66One of the main improvements of the Regulation 428/2009 compared to Regulation 1334/2000 has been the extension of the scope of application of the controls to movements other than exports, as suggested by their respective titles. In 2000, already, the European Union had introduced the distinction between exports (to third-countries) and transfers (intra-Community) in order to emphasize the importance of the internal area of trust and free trade for the Union. As mentioned earlier the Union had also left in 2000 the idea of including the supply of service or transmission of technology which would involve cross-border movements of person to the responsibility of the Common Foreign and Security Policy, as they must be seen as components of the cooperation between the Union and third-States in the area of security and defence. These aspects, therefore, are regulated by the Council Joint Action of June 2000. In 2009, the Union added also the external transit of goods and the brokering to this pre-existing ground. Therefore, it is going further beyond the limited scope of the NSG guidelines.
67In the Article 2 of Regulation 428/2009, the term “export” includes, apart from its common meaning, also the re-export of the item or technology and, coming to this latter element, the intangible exports, meaning the transmission of technology or software through electronic media, which are more difficult to control in practice. The key principle, under Article 3, is that any export of item listed (in the Annex I) shall be subjected to authorisation, similar to the NSG provisions. The exporter must therefore address his national authority for such authorisation granted in the form of a licence. In the European Regulation, the “catch-all” concept may be also found but it has been developed:
68- The EU Member States may impose an authorisation requirement for items not listed if there is a risk that the item to be exported may be diverted to a WMD programme (Article 4.3, similar to the NSG provisions);
69- The exporter must notify its authorities if he is aware that his export of not-listed items is intended to serve to a WMD programme (Article 4.4) and the authorities decide whether or not an authorisation is required;
70- The Member States may impose an authorisation requirement if the exporter has ground for suspecting that his export of not-listed items may serve to a WMD programme (Article 4.5, also called “suspicion clause”);
71- The Member States may prohibit or impose an authorisation requirement for an export of not-listed items if the export may be used in breach with public security or human rights considerations (Article 8.1).

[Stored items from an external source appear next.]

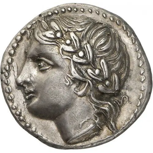 | توضیحات روی سکه | Head of Apollo facing to left, wearing a laurel-wreath. |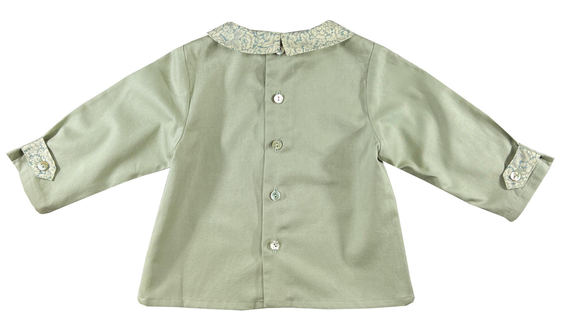 Cette chemise à manches longues pour bébé garçon apporte une élégance naturelle à la coupe classique. Alors que le corps est confectionné dans une belle teinte vert sauge, le col pointu impeccable et les longues pattes décoratives arborent un délicat imprimé feuillage qui ajoute une touche botanique à la silhouette raffinée.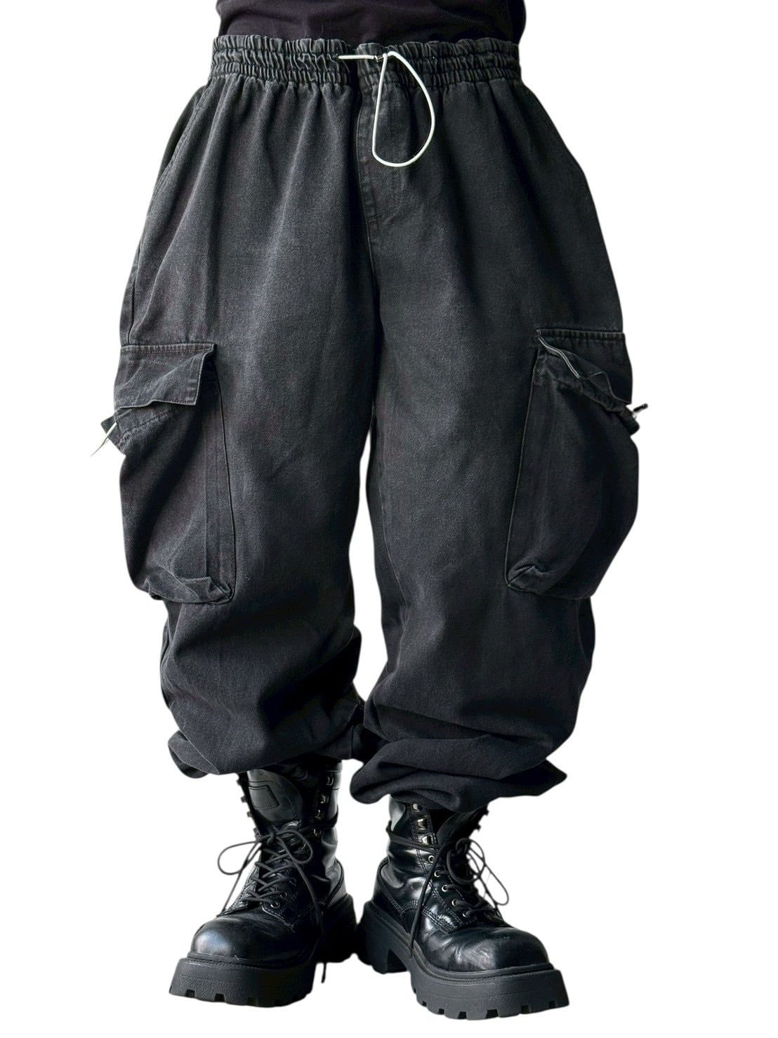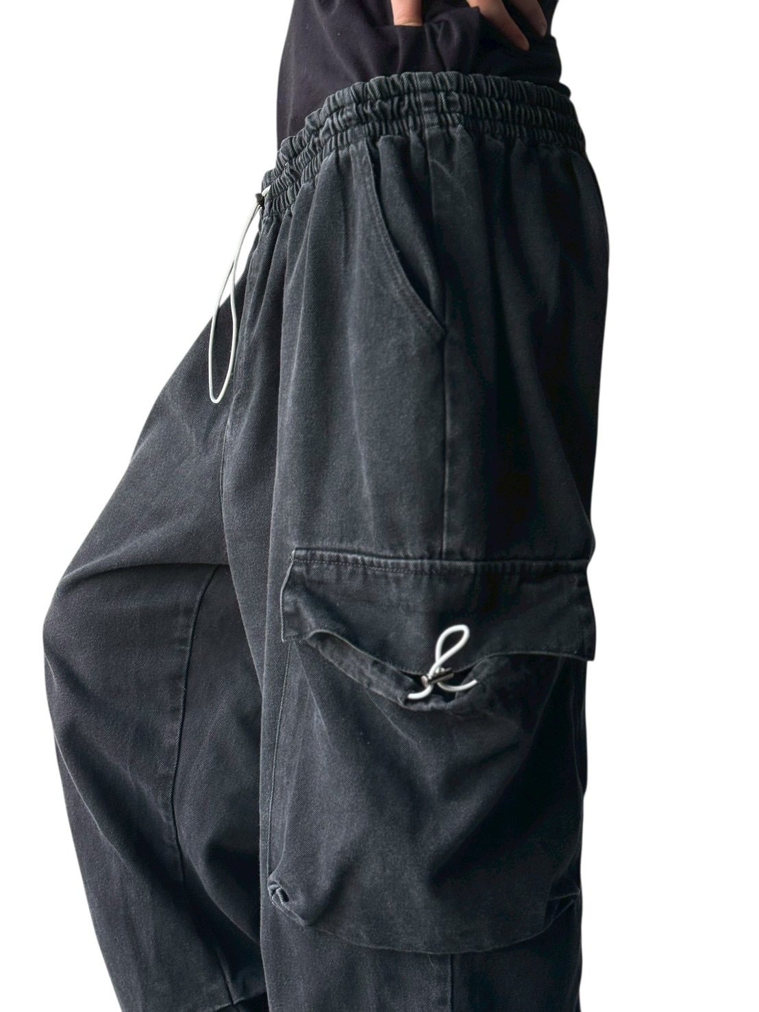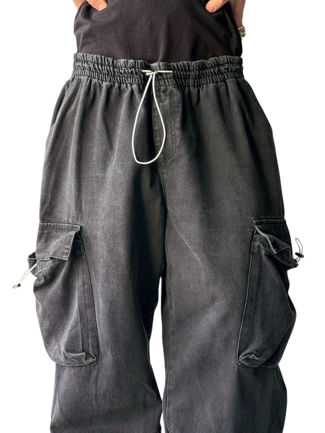 ブラックデニムに白のドローコードがバエるカーゴデニムパンツ❣️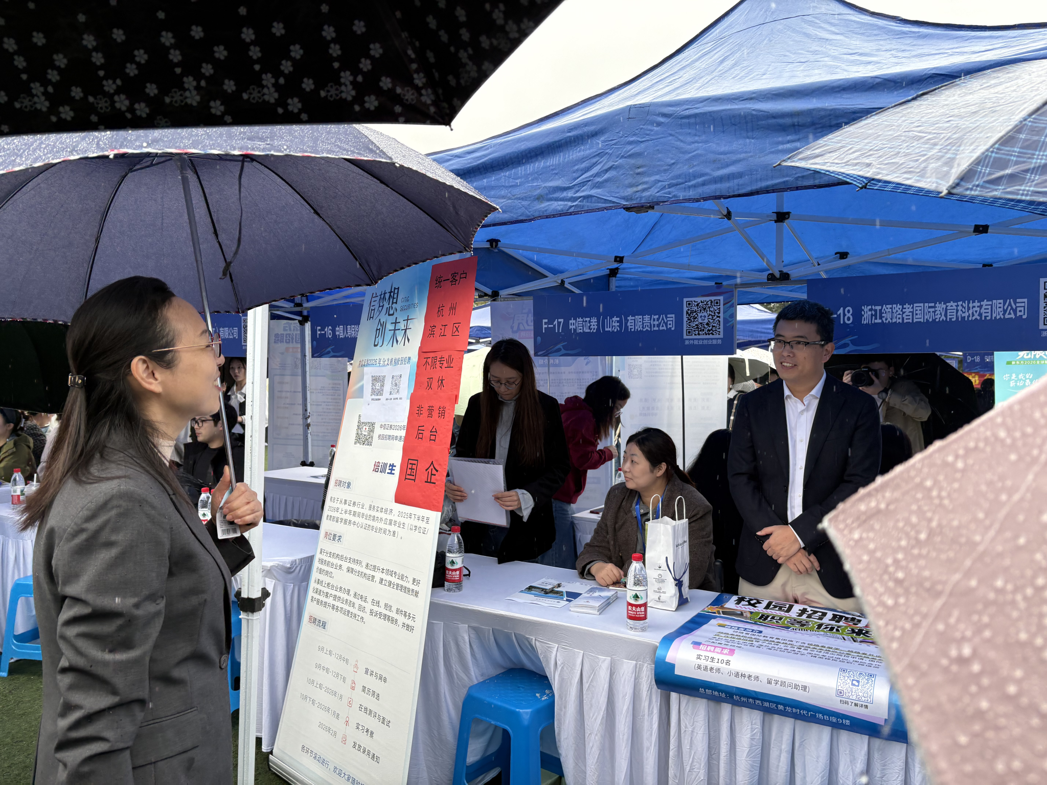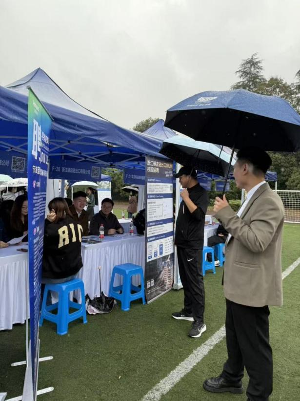 风雨交加,却未能阻挡学子们追寻梦想的脚步。一把把雨伞下,是坚定的目光和从容的步伐。此次招聘会的成功举办,不仅为毕业生提供了丰富的就业与实习机会,也为学院优化人才培养方案提供了重要参考。英文学院将以本次招聘会为契机,继续深化校企合作,拓展就业渠道,助力学子迈向更加广阔的职业舞台。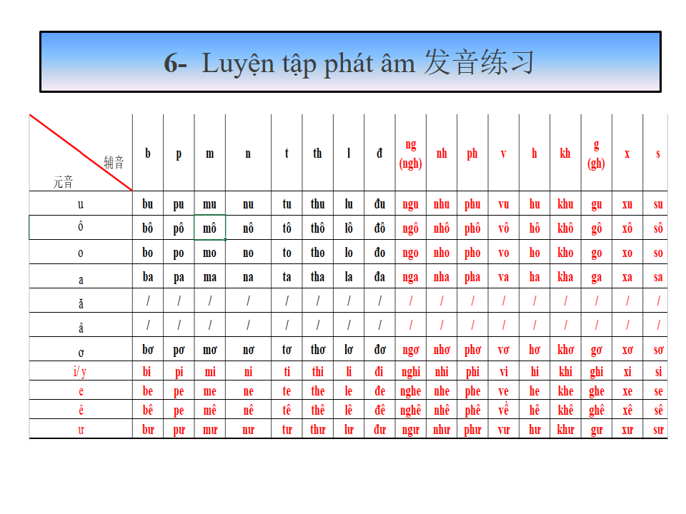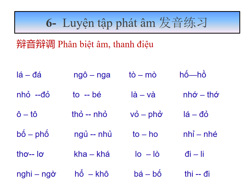 发音练习 Luyện tập phát âm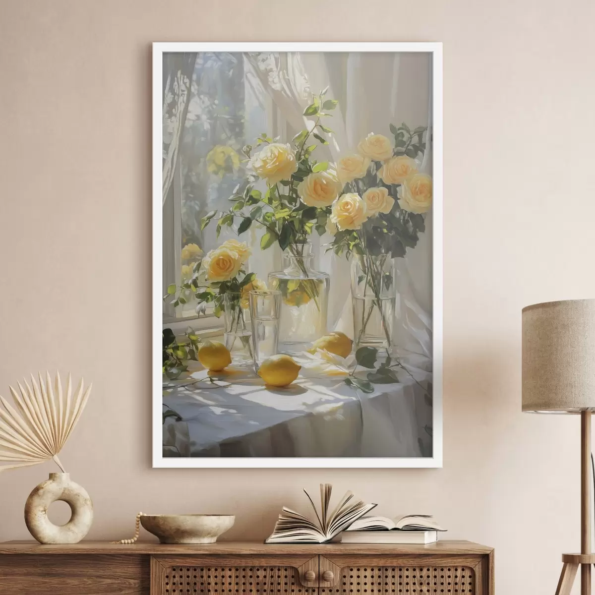 Poster Rozen in vazen, tekening in olieverfstijl, zacht zonlicht, citroenen, lente f43887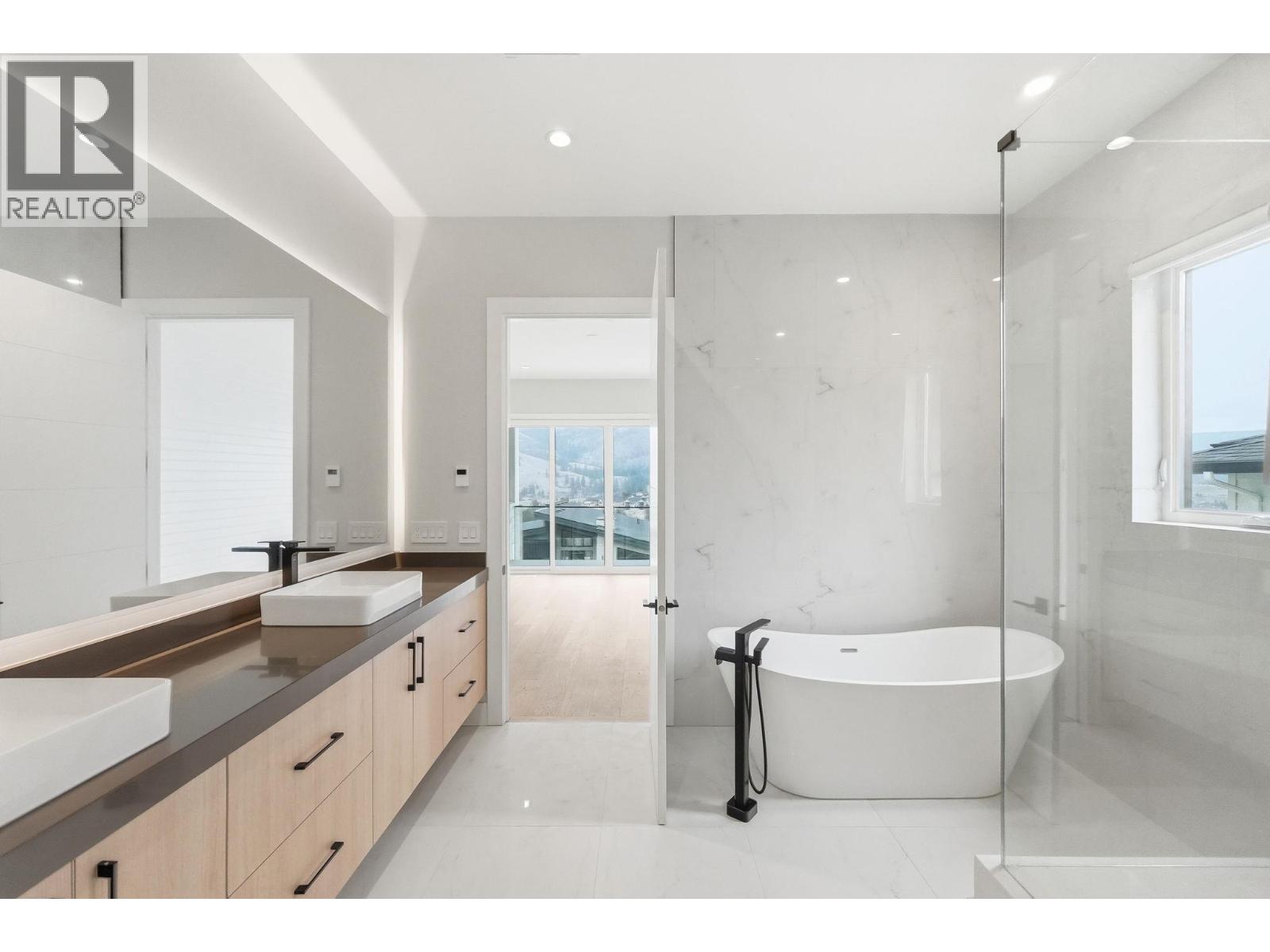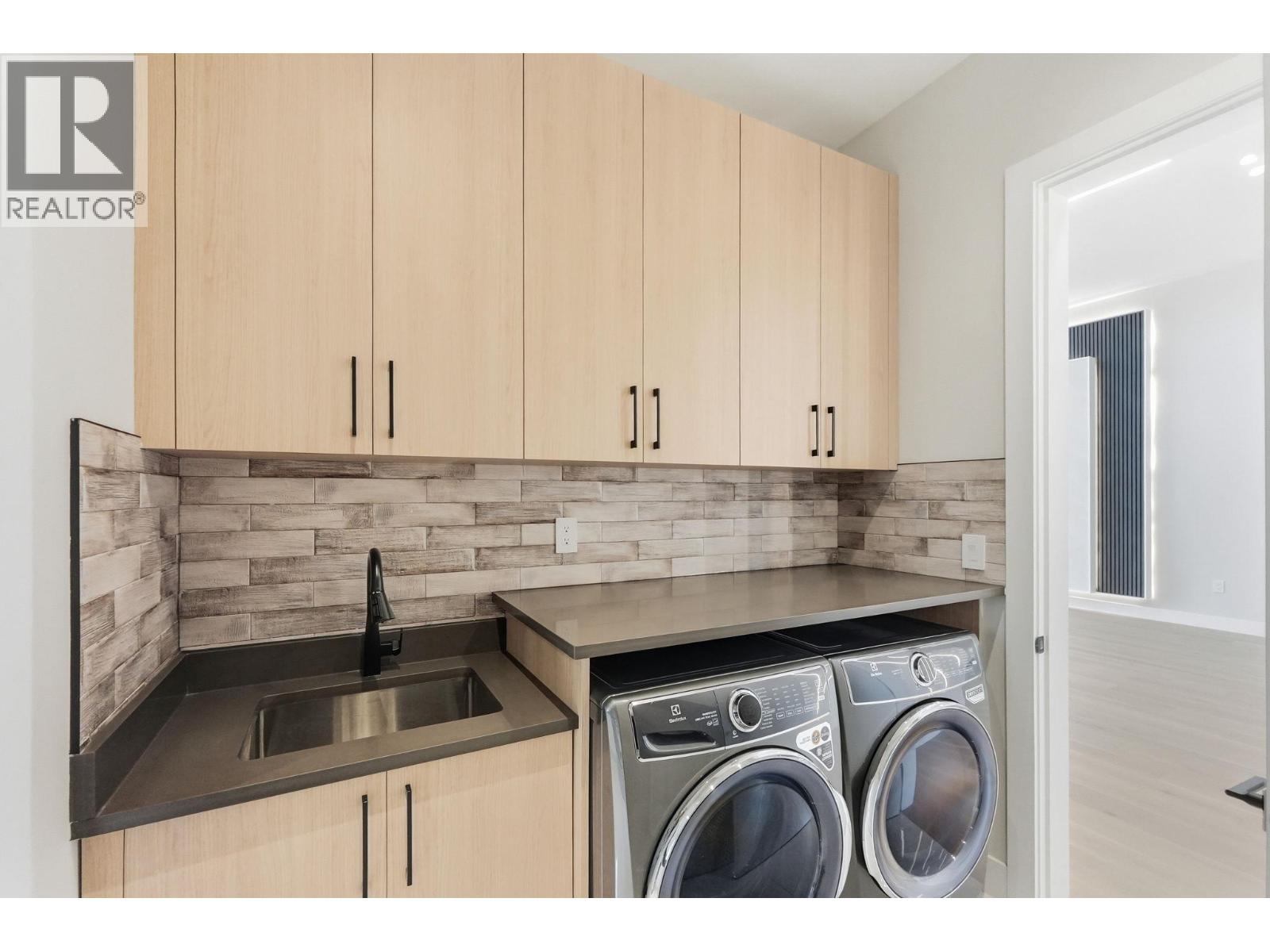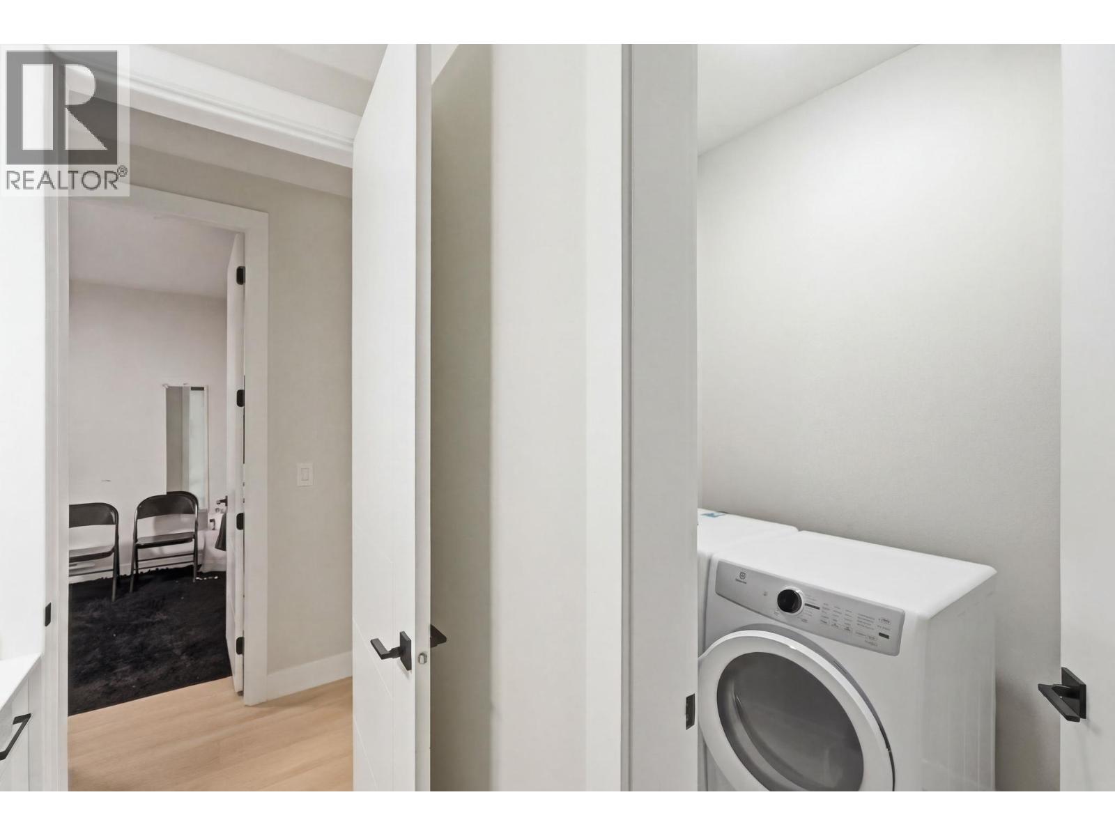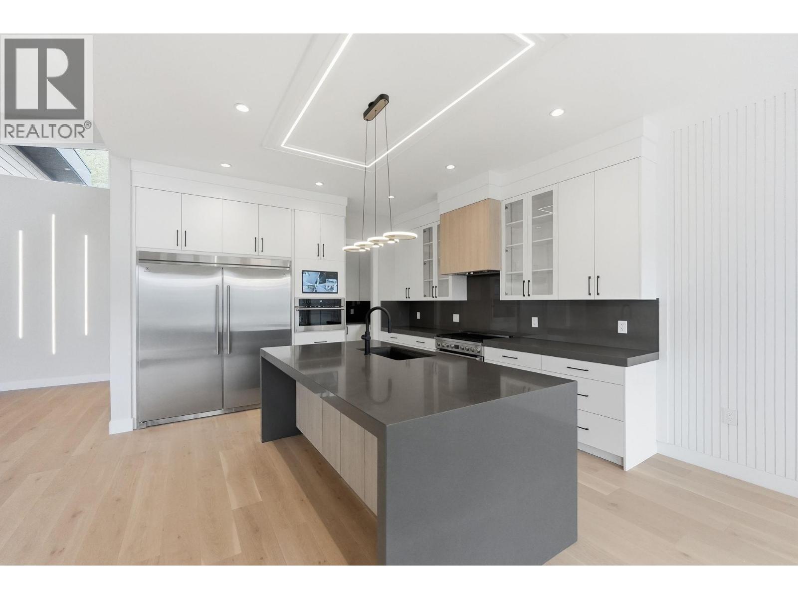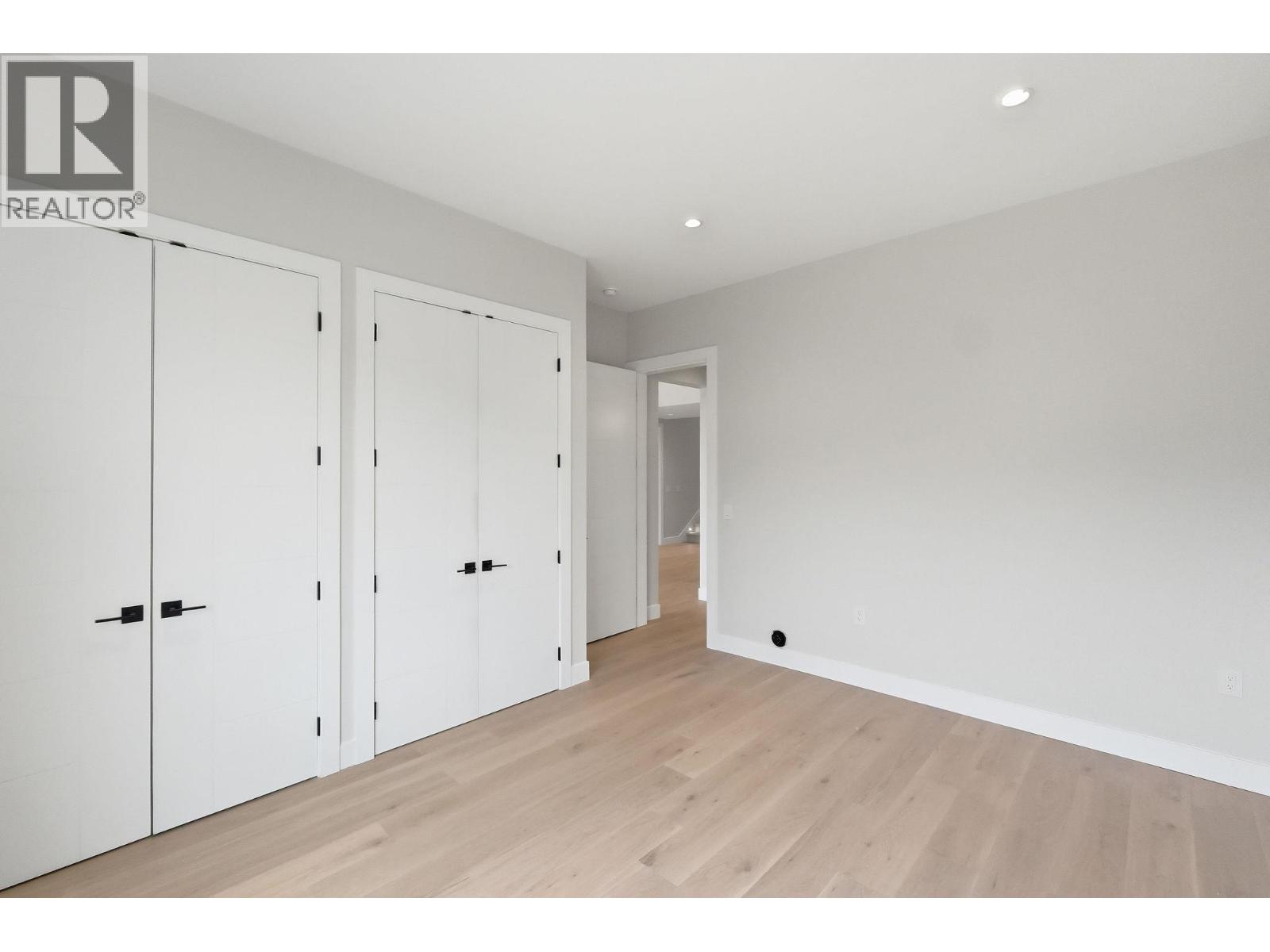Perched on the hillside in desirable Black Mountain, this exceptional 6-bedroom, 4-bathroom residence offers stunning valley views, thoughtful design, and modern luxury throughout. Expansive windows flood the home with natural light, complemented by elegant lighting selections that allow you to set the perfect atmosphere day or night. The main living area features engineered hardwood flooring and a beautifully designed chef’s kitchen equipped with premium Electrolux appliances, a gas range, and an oversized chef’s refrigerator. A fully equipped spice kitchen provides additional space for cooking and entertaining while keeping the main kitchen pristine. Upon entry, a striking custom glass display above the staircase, crafted with a single joint, creates a dramatic focal point and enhances the home’s open feel. The layout flows seamlessly from the kitchen and living area onto a balcony with its own fireplace which is perfect for enjoying Okanagan evenings. Downstairs offers a spacious second living area, two additional bedrooms, and an impressive 23 ft x 23’6” theatre room complete with a built-in bar. The property also includes a private 2-bedroom suite currently rented for $2,000 per month, positioned along the side of the home to maximize privacy. Additional features include a double garage with epoxy flooring, irrigated landscaping, a generous backyard, and the added benefit of GST being paid by the seller. (id:62999)

72The two latter clauses are only options for the Member States although the two former must be implemented in the national legislations.
73The possibility to impose an authorisation requirement or a ban on transit operations, i.e. transit through the Union’s territory of a good for a destination located in a third-EU country (Article 2), is the sole responsibility of the Member States. However, only the transit of items listed in Annex I which may contribute to a WMD programme and items not-listed for a military end-use or for an end-use country under subjected to embargo may be submitted to authorisation requirement or ban. The authorisation is only valid in the Member State where the item transits through, unlike the export authorisation which is valid throughout the Union’ territory.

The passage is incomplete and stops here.